“The moment universities stop even pretending to respect and obey central government is the moment a huge weight will be lifted off them. Everyone will feel better for dropping the pretence.”
This suggestion, offered on Twitter, probably isn’t an advisable strategy for university leaders, but some will no doubt have sympathy with the sentiment.
The relationship between government and universities has never been straightforward.
In most cases, universities are neither wholly public nor private, but operate somewhere between the two.
Autonomous in principle, but beholden to the state for funding, it is inevitable that this independence – of inquiry as well as of governance – can lead to tension.
But in some contexts it can also lead to a much more serious breakdown in the relationship, and even a deliberate running down of universities.
I recall a lecture by former South African president Thabo Mbeki at a Times Higher Education event some years ago, at which he warned of the “perception among the African ruling elite that universities are serving as centres of political opposition”.
The result, he said, was that “many African countries’ governments came to consider expenditure on universities and therefore higher education as a burdensome cost rather than an absolutely necessary and beneficial investment”.
Has something similar happened in more developed university systems in recent years?
A case can be made, and the news stories we cover this week in 色盒直播 demonstrate that the pressures between politics and higher education are far from limited to one region or one type of system.
Most often, the conflict is in the form of who and what should be educated and researched, and in particular the extent to which those choices are made with explicit economic returns in mind.
In Denmark, for example, academics have been left “shocked and rattled” by a government diktat forcing universities to cut enrolments as part of a push to level up the country’s economy.
At one institution, Aalborg University, this has led to the planned closure of 18 courses to allow the institution to hit its target – a forced cut that “no matter how it is solved, significantly affects our university”, according to Aalborg’s rector.
In Australia, a monumental row continues over the latest ministerial intervention in research priorities, in which a number of research grants were cancelled on the basis that they “do not demonstrate value for taxpayers’ money nor contribute to the national interest”.
While academia has become used to government signposting certain priorities when funding calls are made, such post hoc interference has been seen as an invidious additional incursion into academic freedom.
Indeed, John Shine, president of the Australian Academy of Science, warned that such political control of “what gets done, where and by whom is antithetical to the spirit of a democracy that is built on free and open critical enquiry”.
Meanwhile, in very different circumstances, we report on the uncertainty that now stalks university hallways in Hong Kong, where higher education institutions and academics continue to come to terms with their new operating environment following the implementation of the National Security Law.
One scholar, who has left Hong Kong to work in the US, tells us that fear of “sedition” meant that discussing controversial issues now “requires effort and risk – a minority taste”.
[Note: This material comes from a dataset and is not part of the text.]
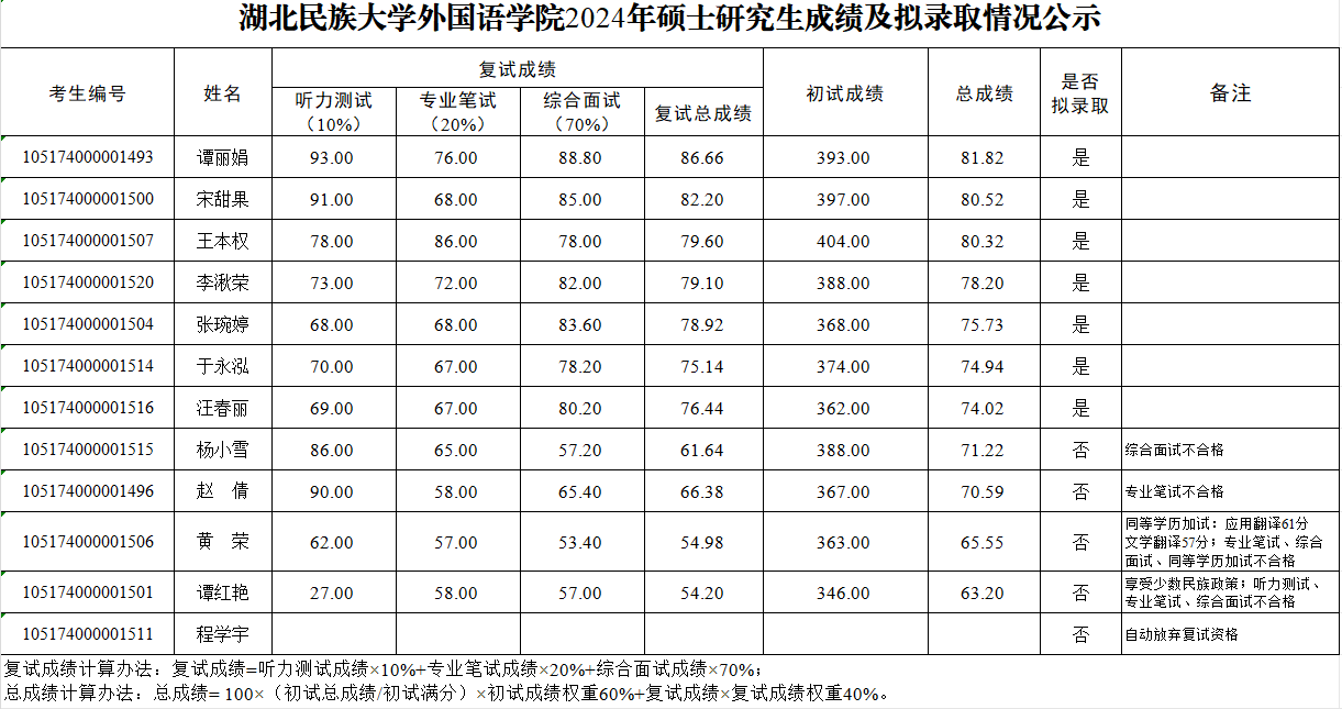 开云电竞官方网站入口外国语学院2024年硕士研究生成绩及拟录取情况公示

In light of such challenges, the ongoing disquiet that exists in systems such as England’s –?concern over the independence of the regulator, for example – may seem tame by comparison.
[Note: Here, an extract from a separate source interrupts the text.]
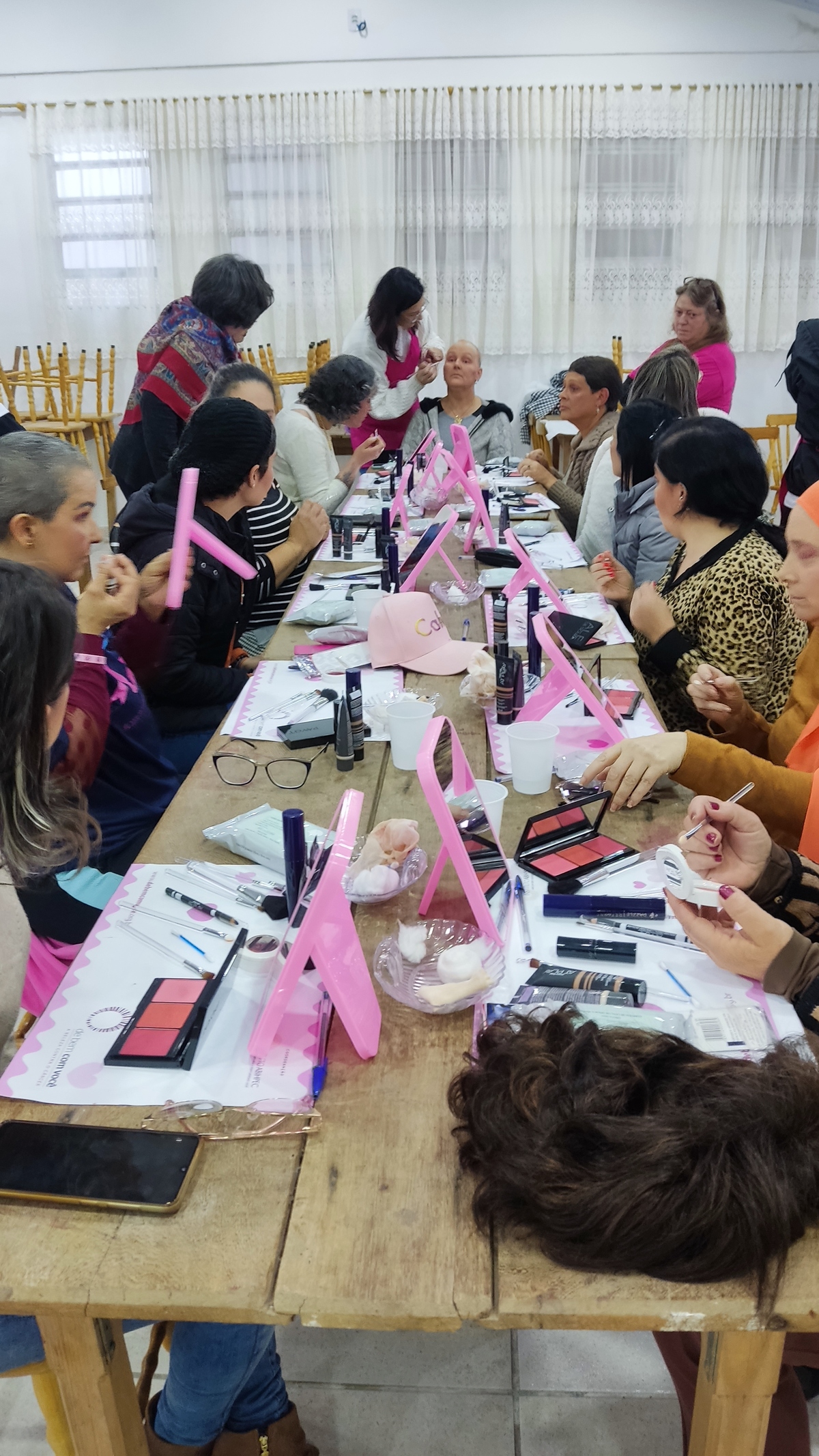 As oficinas são ministradas por maquiadores voluntários e acontecem nos hospitais, clínicas, casas de apoio, ONGs parceiras e também em formato virtual.

But the underlying question is the same: are universities free, autonomous, and in control of who and what to teach and research – or are they not?
Perhaps the only institutions that could answer yes to all of these questions are the very small handful of elite institutions with billions of pounds (or, more often, dollars) in endowment funds.
But then again, private donations come with strings of their own, and there isn’t a university that could cut the ties to public research funding altogether and maintain?its status.
For most of the world, this link between universities and government as two actors with enormous power to influence the societies they serve is, taken in the round, a good and necessary symbiosis.
But for it to be a productive relationship, trust, transparency and respect?are needed on both sides – and in too many countries, those qualities?seem to be on the slide.